» **Information supplied**
────────
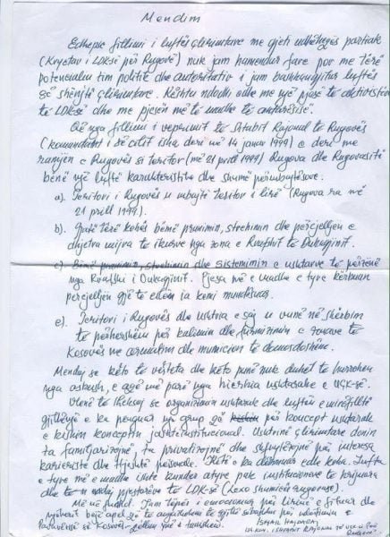 Mendoj se këto të vërteta dhe këto punë nuk duhet të harrohen nga askush , e aq më parë nga hierarkia ushtarake e UÇK-së.Vlenë te theksoj se organizimin ushtarak dhe luftën e mirëfilltë gjithnjë e ka penguar një grup që për koncept ushtarak e kishin konceptin jashtëinstitucional.Ushtrinë çlirimtare donin ta familjarizojnë,ta privatizojnë dhe shfrytëzojnë për interesa karieriste dhe thjeshtë personale.Këtë e ka dëshmuar edhe koha.Lufta e tyre më e madhe ishte kundër atyre pak institucioneve të krijuara dhe ndaj pjesëtarëve të LDK-së (lexo shumica rugovase). Më në fund .Jam tepër i emocionuar për lirinë e fituar dhe njëherit bëj apel që të angazhohemi të gjithë së bashku për ndërtimin e Pavarësisë së Kosovës-qëllim yni i tanishëm.
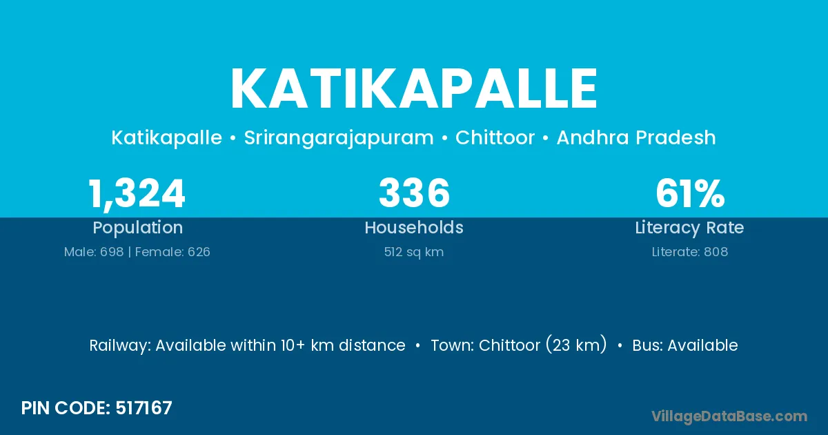 Chittoor (23 km) is the nearest town to Katikapalle village for major economic activities and is located approximately 23 km away.
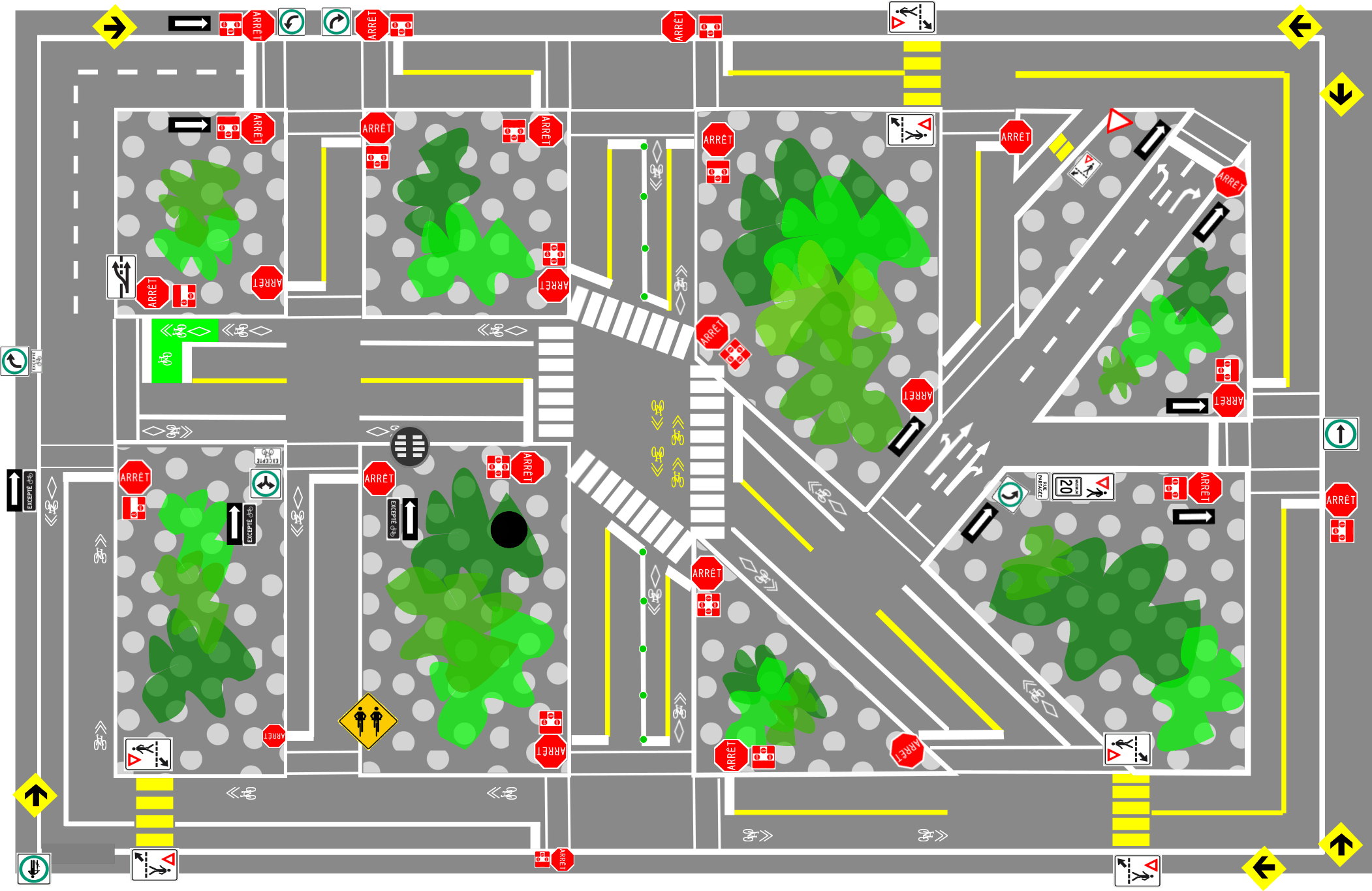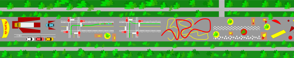 Rues pour les voitures, à sens unique ou à double sens; traverses piétonnes; voies cyclables bidirectionnelles, unidirectionnelles, à contre-sens de la circulation; intersections; panneaux de céder le passage, d’arrêt simple ou toutes directions; obligation de tourner à droite et même la nouvelle signalisation pour les rues partagées… voilà autant de cas de figure rassemblés dans un espace de 35 mètres par 55, sans oublier du verdissement pour agrémenter l’ensemble.
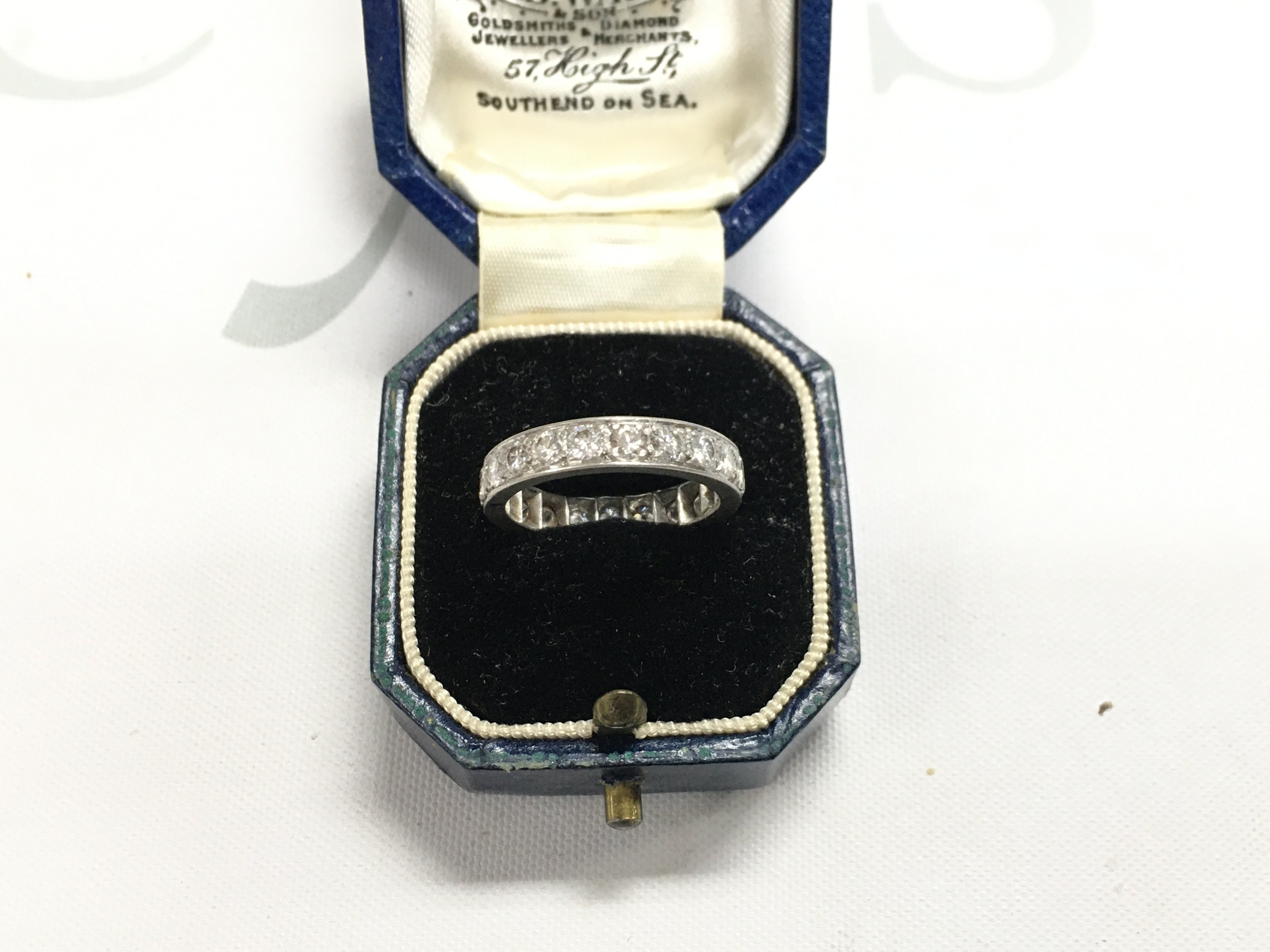 A platinum eternity ring set with diamonds. Approx weight 4.53 grams, size L.
────────
Would you give the data above again word for word, minus the pictures?

» **Output of the exercise**
 Mendoj se këto të vërteta dhe këto punë nuk duhet të harrohen nga askush , e aq më parë nga hierarkia ushtarake e UÇK-së.Vlenë te theksoj se organizimin ushtarak dhe luftën e mirëfilltë gjithnjë e ka penguar një grup që për koncept ushtarak e kishin konceptin jashtëinstitucional.Ushtrinë çlirimtare donin ta familjarizojnë,ta privatizojnë dhe shfrytëzojnë për interesa karieriste dhe thjeshtë personale.Këtë e ka dëshmuar edhe koha.Lufta e tyre më e madhe ishte kundër atyre pak institucioneve të krijuara dhe ndaj pjesëtarëve të LDK-së (lexo shumica rugovase). Më në fund .Jam tepër i emocionuar për lirinë e fituar dhe njëherit bëj apel që të angazhohemi të gjithë së bashku për ndërtimin e Pavarësisë së Kosovës-qëllim yni i tanishëm.
 Chittoor (23 km) is the nearest town to Katikapalle village for major economic activities and is located approximately 23 km away.
 Rues pour les voitures, à sens unique ou à double sens; traverses piétonnes; voies cyclables bidirectionnelles, unidirectionnelles, à contre-sens de la circulation; intersections; panneaux de céder le passage, d’arrêt simple ou toutes directions; obligation de tourner à droite et même la nouvelle signalisation pour les rues partagées… voilà autant de cas de figure rassemblés dans un espace de 35 mètres par 55, sans oublier du verdissement pour agrémenter l’ensemble.
 A platinum eternity ring set with diamonds. Approx weight 4.53 grams, size L.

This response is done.